CME Group Defends Its Monopoly
The operator of the Chicago Mercantile Exchange, CME Group, is suing the regulator CFTC over its permission for the Kalshi platform to launch perpetual futures. CME CEO Terrence Duffy formally appeals to investor protection (comparing high leverage to the 2008 mortgage crisis) and the Dodd-Frank Act. However, CME holds exclusive licenses for all major benchmarks on which futures contracts are built.
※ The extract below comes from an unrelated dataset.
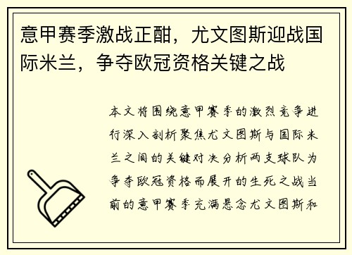 本文将围绕意甲赛季的激烈竞争进行深入剖析...

The logic of the lawsuit is simple: "We control the benchmarks, so new instruments based on these indices must be traded with us." A similar pattern is observed with ICE, demanding "equal rules" due to the growth of the Hyperliquid platform.
Destruction of Communication Privacy
The UK government is preparing a law that will completely ban the use of social media (Instagram, TikTok, YouTube) for citizens under 16. In France and the EU, an initiative is being pushed for mass scanning of personal messages on smartphones before they are sent. A global trend is emerging: under the pretext of fighting terrorism or protecting children, governments are forcing citizens to give up the basic right to privacy.
As Pavel Durov noted, the forced abandonment of end-to-end encryption technology (embedding backdoors) will not stop real criminals — they can easily write their own closed applications. Ultimately, ordinary law-abiding citizens will be the ones affected. Weakening encryption makes corporate networks of banks and funds vulnerable to hacker attacks, and users will have to switch to decentralized services to maintain privacy.
My conclusion: The cryptocurrency market is undergoing a phase of structural restructuring, where regulators and major players are pushing out chaotic and unregulated instruments. Investors should prepare for stricter rules of the game, but it is precisely this that creates the foundation for long-term growth.